Work through the listing below and give again exactly the lines from the one with "Чили, Пунта-Аренасе 50" to the one with "ウールジャージーとフェイクレザーの異素材MIXワンピース。", both ends included. All other lines and all pictures stay out.

STORED DATA –
☆ ☆ ☆ ☆ ☆ ☆ ☆

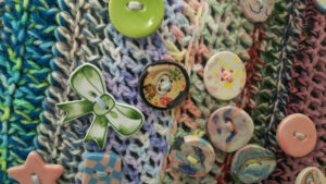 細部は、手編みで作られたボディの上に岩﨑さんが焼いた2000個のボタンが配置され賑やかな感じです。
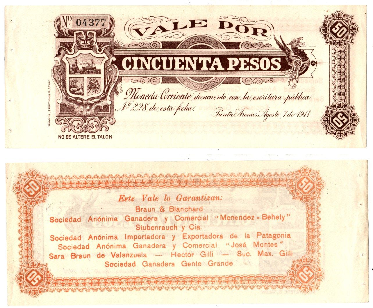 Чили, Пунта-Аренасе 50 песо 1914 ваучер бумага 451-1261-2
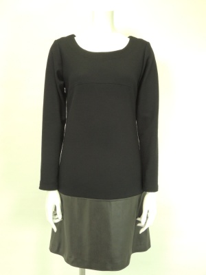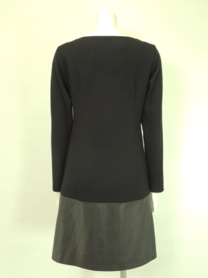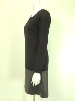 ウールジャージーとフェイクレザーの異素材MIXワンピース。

☆ ☆ ☆ ☆ ☆ ☆ ☆

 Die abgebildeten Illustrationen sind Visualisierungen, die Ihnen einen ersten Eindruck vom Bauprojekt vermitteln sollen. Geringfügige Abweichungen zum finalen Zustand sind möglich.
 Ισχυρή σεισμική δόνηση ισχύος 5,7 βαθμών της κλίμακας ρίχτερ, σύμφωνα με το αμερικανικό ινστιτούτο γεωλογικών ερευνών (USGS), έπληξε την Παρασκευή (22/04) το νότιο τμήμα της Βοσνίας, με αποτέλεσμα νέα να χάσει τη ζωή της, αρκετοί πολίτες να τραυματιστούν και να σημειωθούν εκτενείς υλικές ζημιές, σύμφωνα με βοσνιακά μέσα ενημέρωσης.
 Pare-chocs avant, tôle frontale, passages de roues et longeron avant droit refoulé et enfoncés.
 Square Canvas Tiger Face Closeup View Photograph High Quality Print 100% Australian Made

☆ ☆ ☆ ☆ ☆ ☆ ☆

WRITTEN ANSWER –
 Чили, Пунта-Аренасе 50 песо 1914 ваучер бумага 451-1261-2
 ウールジャージーとフェイクレザーの異素材MIXワンピース。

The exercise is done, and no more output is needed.